Building AI-powered search using LangChain and Milvus
Ayush
Posted on December 11, 2023
This blog is co-authored by Ayush Pandey, Senior Software Engineer and Amit Kaushal, Software Manager at Intuit.
Artificial Intelligence (AI) has revolutionized the way we interact with technology, and one of the most significant applications of AI is in search. With the help of AI, search tools can surface more accurate and relevant results to users. In this blog, we will discuss how to build an AI-powered search engine using LangChain and Milvus.
Before we dive into the demo, let’s talk through some of the concepts and tools involved.
What is Langchain?
LangChain is a framework for developing applications powered by language models. Use cases include applications for document question answering, building conversational interfaces for database interactions, and much more. We believe that the most powerful and differentiated applications will not only leverage a language model, but will also be:
Data-aware: connect a language model to other sources of data
Agentic: allow a language model to interact with its environment
LangChain provides the modular components used to build such applications, which can be used standalone or combined for more complexity.
What is Milvus?
Milvus was created in 2019 with a singular goal: to store, index, and manage massive embedding vectors generated by deep neural networks and other machine learning (ML) models.
As a database specifically designed to handle queries over input vectors, it is capable of indexing vectors on a trillion scale. Unlike existing relational databases, which mainly deal with structured data following a pre-defined pattern, Milvus is designed from the bottom-up to handle embedding vectors converted from unstructured data.
Vector embeddings: why the hype?
Vector embeddings are a powerful tool for developers working with natural language processing (NLP) and ML applications. Vector embeddings are a way of representing words or phrases as vectors in a high-dimensional space, where each dimension represents a different feature of the word or phrase. This allows developers to perform complex operations on text data, such as sentiment analysis, text classification, and machine translation.
Let’s go over a simple explainer of semantic features: scientists sort different types of animals in the world into categories based on certain characteristics. For example, Birds are a type of warm-blooded vertebrate that are adapted to fly. Based on these features, we created word coordinates to represent animals based on their Type and Domestication score. These scores are called “semantic features,” which capture parts of the meanings of each word. Now that the words have corresponding numerical values, we can then plot these words as points on a graph, where the x-axis represents Type, and the y-axis represents Domestication score.
We can add new words to the plot based on their meanings. For example, where should the words "Lions" and "Parrots" go? How about "Whales"? Or "Snakes"?
There are also several libraries and tools available for developers who want to work with vector embeddings. Some popular libraries include Gensim, TensorFlow, and PyTorch. These libraries provide pre-trained models for word2vec and GloVe, as well as tools for training custom models on specific datasets.
Demo: Using a similarity search for asking questions from a wikipedia
First, let’s go through some prerequisites.

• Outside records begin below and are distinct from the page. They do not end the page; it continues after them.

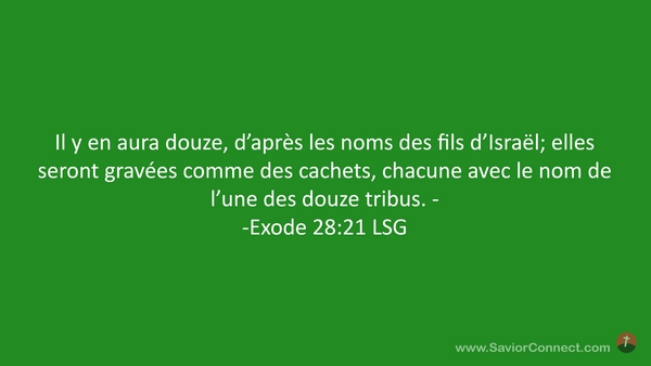 Il y en aura douze, d'après les noms des fils d'Israël; elles seront gravées comme des cachets, chacune avec le nom de l'une des douze tribus. - -Exode 28:21 LSG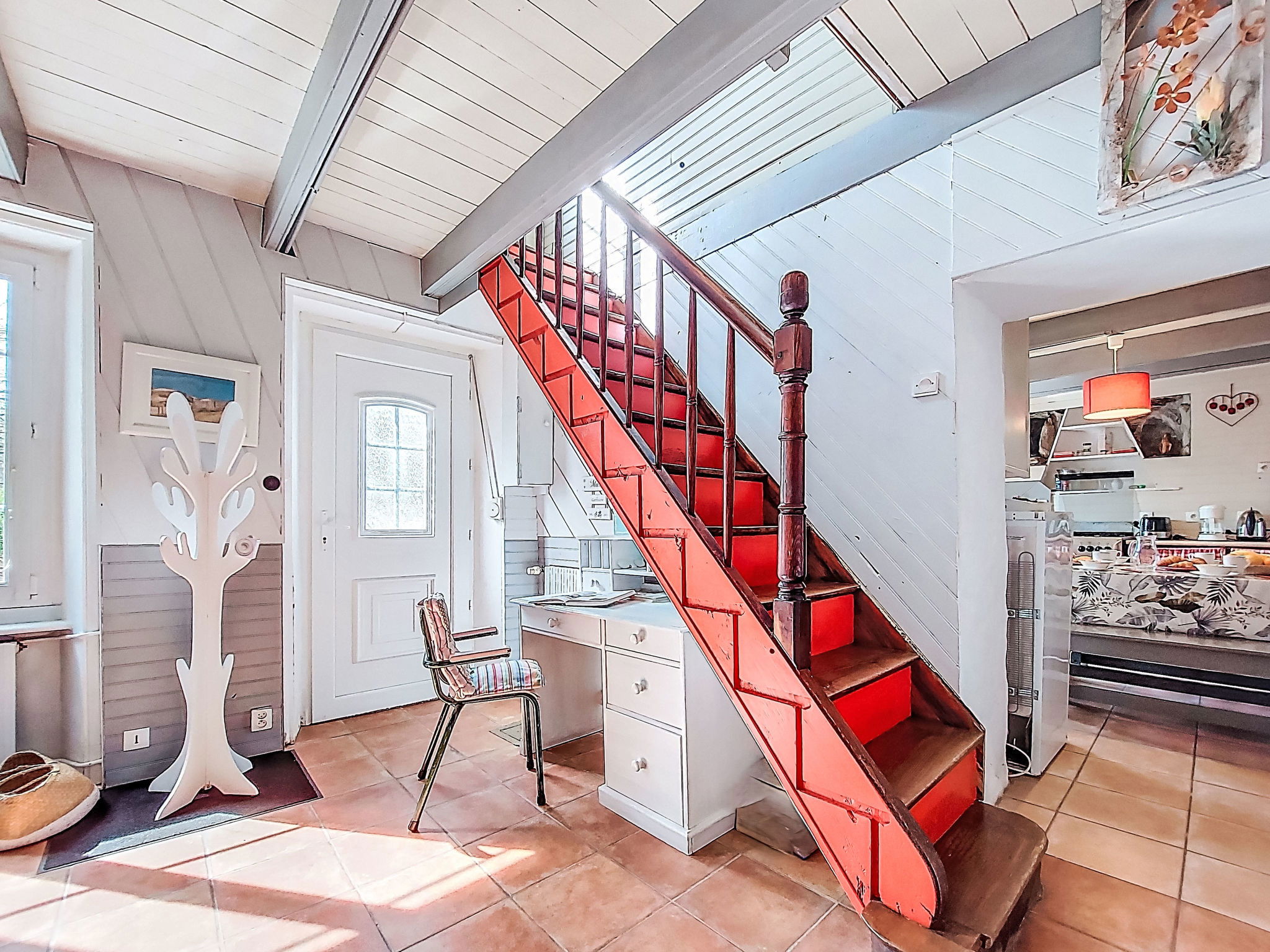 "La Chapelle", 4-room house 80 m2 on 3 levels, south facing position. Simple and cosy furnishings: living/dining room with open-hearth fireplace and TV (flat screen), radio. Exit to the garden. Open kitchen (oven, 4 gas rings, toaster, kettle, microwave, freezer, electric coffee machine, Capsules for coffee machine (nespresso) extra, raclette grill) with dining table. Shower, sep. WC. Oil heating. Upper floor: (steep stair) with sloping ceilings, 1 room with 1 french bed (140 cm, length 190 cm). 1 room with 2 beds (90 cm, length 190 cm). 2nd upper floor: (spiral staircase) with sloping ceilings, 1 room with 2 beds (90 cm, length 190 cm). Terrace furniture, barbecue (portable), deck chairs (2). Facilities: washing machine, dryer, iron, children's high chair, baby cot for up to 2 year olds, hair dryer. Internet (WiFi, free). Please note: non-smoking house. Maximum 1 small pet/ dog allowed. Smoke alarm. Offer by a private individual according to Art. 155, IV of CGI.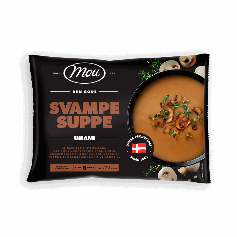En flødelegeret svampesuppe med hele stykker af champignon og karakteristisk umami-smag. Kogt på oksekraftben og okseskanker samt suppeurter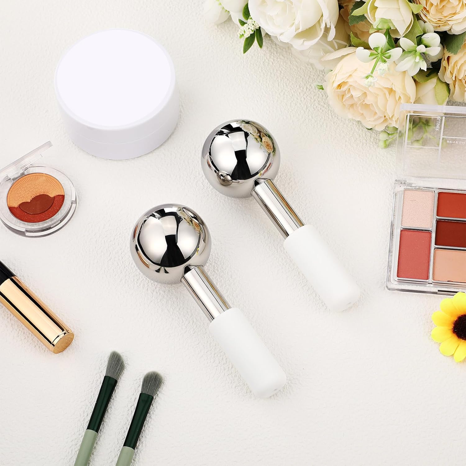 Baderke 2 Pcs Ice Globes for Face Stainless Steel Cooling Globes Unbreakable Cooling Roller Women Ice Balls Cryo Sticks Face Skin Care for Dark Circles, Puffiness(Silver (white Handle))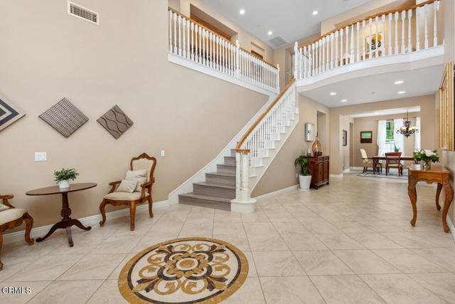 Welcome to this stunning and beautiful estate located in the highly sought-after 'Big Sky' community of Central Simi Valley. Built by Shea Homes in 2006, this expansive two-story residence offers approximately 3,973 sq. ft. of luxurious living space on an 8,317 sq. ft. lot. Boasting 5 bedrooms and 4.5 bathrooms, including a convenient main-floor bedroom with a full bathroom, this home combines elegance, comfort, and functionality.Step inside to find soaring cathedral-vaulted ceilings, an open and airy floor plan, a seamless flow between the formal living room, dining room, and separate family room featuring dual fireplaces and a media niche. Upgraded tile, marble, and recessed lighting, double-pane windows, and stylish window coverings throughout. The gourmet chef's kitchen features a large center island with granite countertops and backsplash, top-of-the-line stainless steel appliances, a built-in GE Monogram refrigerator, double ovens, and a built-in gas range. And a large bonus room can be used as an additional bedroom or office downstairs.Upstairs, the luxurious primary suite includes a spacious walk-in closet and a private office/sitting area. One of the upper-level bedrooms opens up to a balcony. Enjoy resort-style outdoor living in the professionally landscaped backyard, complete with a covered patio, built-in BBQ, cozy outdoor fireplace, tranquil waterfalls, a basketball court, and ample space to entertain. EV chargers and an extra big storage room in the garage. This meticulous home is a true gem--an absolute must-see!! Please visit WWW.4053EAGLEFLIGHTDRIVE.COM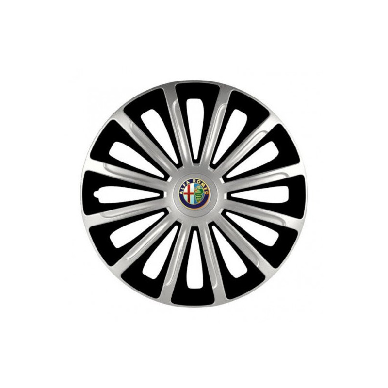 Puklice 15 TREND silver and black pre Alfa Romeo na ocelové disky. Pre kolesá o veľkosti R15 so živicovými samolepkami Alfa Romeo.Destinatar :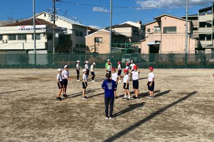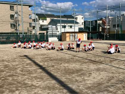 今日は、運動会の会場になる第二運動場で練習をしました。騎馬戦の体形の練習です。
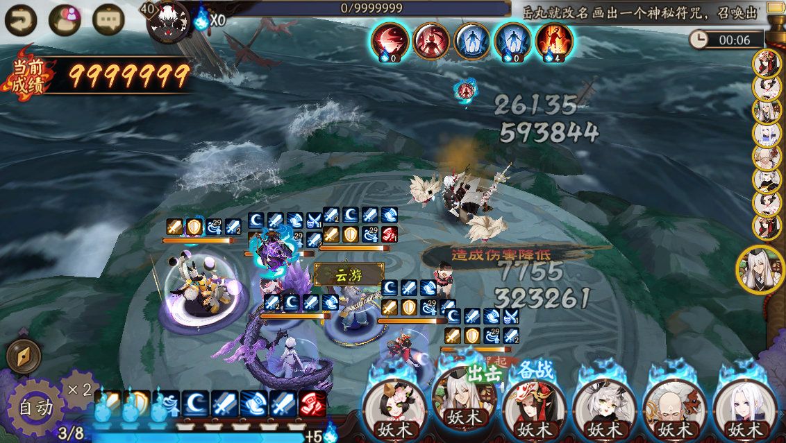 打法:开局书翁切普攻,标记白蛋。大概两轮后白蛋挂掉,丑女连线BOSS插草人,书翁开大招标记草人即可。小怪会被清姬两面佛很快灭掉,后面就是挂机了。御魂质量如果不太好手动补星。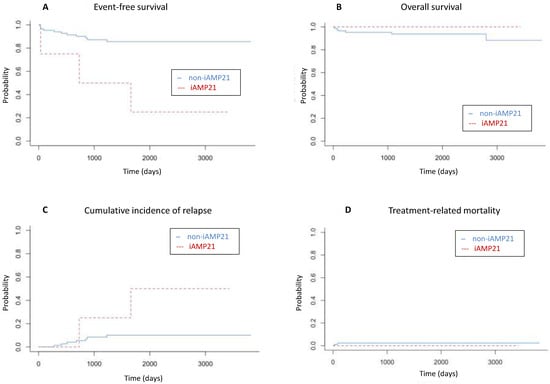 (A) Five-year event-free survival (25% vs. 85.6%; p = 0.001), (B) overall survival (100% vs. 93.7%; p = 0.6), (C) cumulative incidence of relapse (50% vs. 9.9%; p = 0.02), and (D) treatment-related mortality (0% vs. 2.38%; p = 0.76) among patients with iAMP21-positive (red lines) and non-iAMP21 (blue lines) acute lymphoblastic leukemia.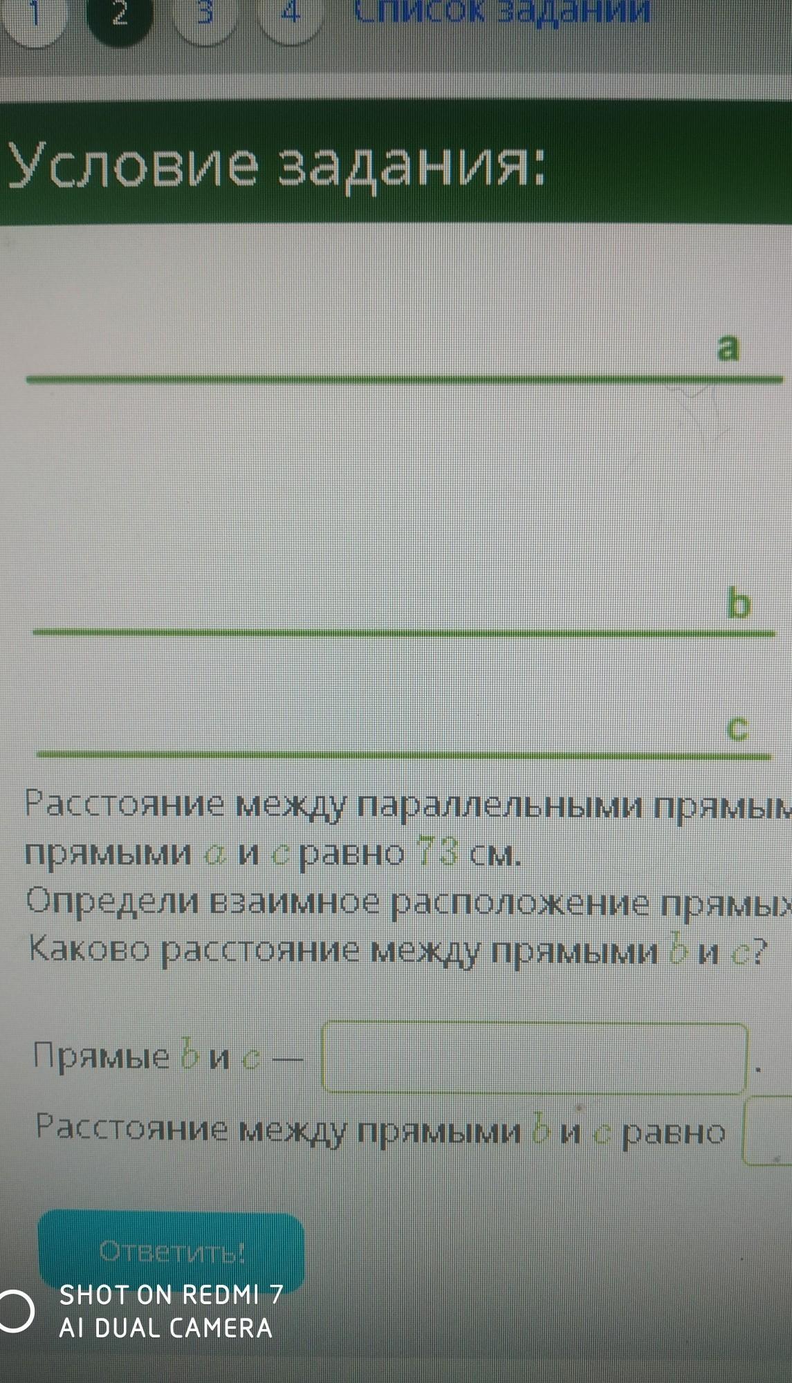 расстояние между параллельными прямыми а и b равно 18 см, а расстояние между параллельными прямыми a и c равно 73см.

Install LangChain and Milvus on your local system:
! python -m pip install --upgrade pymilvus langchain openai tiktoken
Then, import required modules:
from langchain.text_splitter import CharacterTextSplitter
from langchain.vectorstores import Milvus
from langchain.document_loaders import TextLoader
from langchain.document_loaders import WebBaseLoader
Next, import your OpenAI API key:
import os
import getpass
os.environ['OPENAI_API_KEY'] = "your-openai-api-key"
Then, load in a Wikipedia document (here we’re grabbing the article for Intuit QuickBooks) using WebBaseLoader client, and split it into chunks:
loader = WebBaseLoader([
"https://en.wikipedia.org/wiki/QuickBooks",
])
docs = loader.load()
# Split the documents into smaller chunks
text_splitter = CharacterTextSplitter(chunk_size=1000, chunk_overlap=0)
docs = text_splitter.split_documents(docs)
Afterwards, use OpenAIEmbeddings and store everything in a Milvus vector database.
from langchain.embeddings.openai import OpenAIEmbeddings
embeddings = OpenAIEmbeddings()
vector_db = Milvus.from_documents(
docs,
embeddings,
connection_args={"host": "HostName", "port": "19530"},
)
It’s time to try semantic searching! Let’s ask a question using LangChain and Milvus:
query = "What is quickbooks?"
docs = vector_db.similarity_search(query)
docs[0].page_content
Output:
'Retrieved from "https://en.wikipedia.org/w/index.php?title=QuickBooks&oldid=1155606425"\nCategories: Accounting softwareIntuit softwareHidden categories: CS1 maint: url-statusArticles with short descriptionShort description is different from WikidataUse mdy dates from March 2019Articles containing potentially dated statements from May 2014All articles containing potentially dated statements\n\n\n\n\n\n\n This page was last edited on 18 May 2023, at 23:04\xa0(UTC).\nText is available under the Creative Commons Attribution-ShareAlike License 3.0;\nadditional terms may apply. By using this site, you agree to the Terms of Use and Privacy Policy. Wikipedia® is a registered trademark of the Wikimedia Foundation, Inc., a non-profit organization.\n\n\nPrivacy policy\nAbout Wikipedia\nDisclaimers\nContact Wikipedia\nMobile view\nDevelopers\nStatistics\nCookie statement\n\n\n\n\n\n\n\n\n\n\n\nToggle limited content width'
The results above are decent, but need quite a lot of formatting help. Let’s try using load_qa_with_sources_chain to ask the questions instead for a cleaner output:
from langchain.chains.qa_with_sources import load_qa_with_sources_chain
from langchain.llms import OpenAI
chain = load_qa_with_sources_chain(OpenAI(temperature=0), chain_type="map_reduce", return_intermediate_steps=True)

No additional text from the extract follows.